START DATASET CONTENT
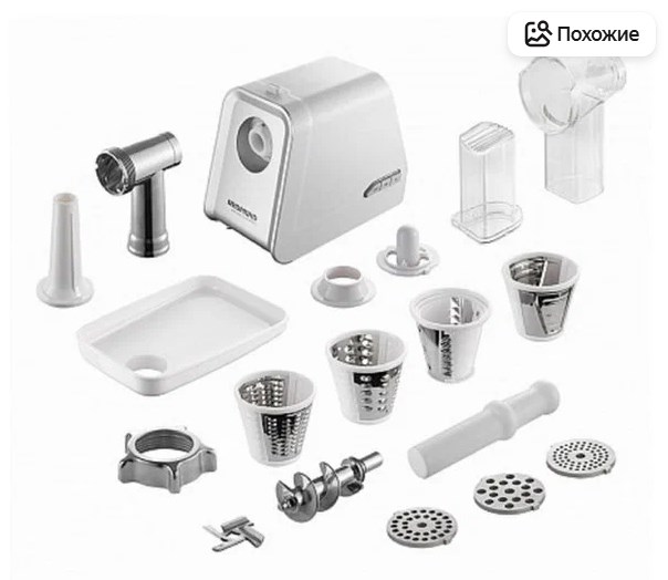 И насадок куча: для колбас, для кеббе (кто любит восточную кухню), тёрка и шинковка. В общем, не только мясо крутить, но и овощи для заготовок.
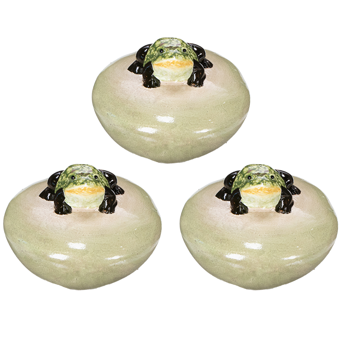 Dekorativer Frosch auf Stein für jahreszeitlich wandelbare Dekoration 13cm 3St
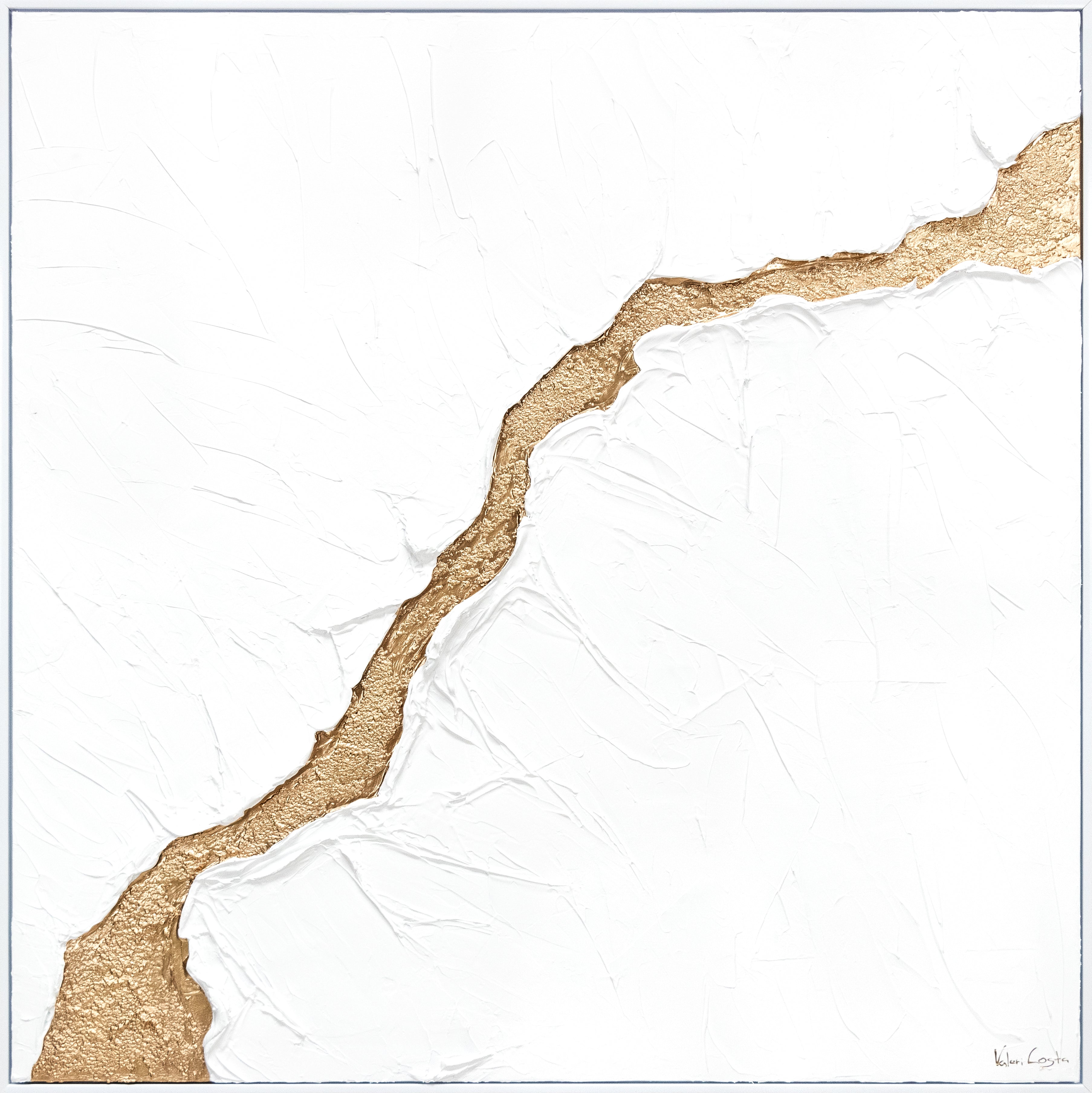 • Abstraktes Acrylbild Gold Weiss Struktur Design Wandkunst
END DATASET CONTENT
AIM OF THE EXERCISE – The listing above needs to be output again exactly. Don't include the pictures.

ANSWER TO THIS EXERCISE –
 И насадок куча: для колбас, для кеббе (кто любит восточную кухню), тёрка и шинковка. В общем, не только мясо крутить, но и овощи для заготовок.
 Dekorativer Frosch auf Stein für jahreszeitlich wandelbare Dekoration 13cm 3St
 • Abstraktes Acrylbild Gold Weiss Struktur Design Wandkunst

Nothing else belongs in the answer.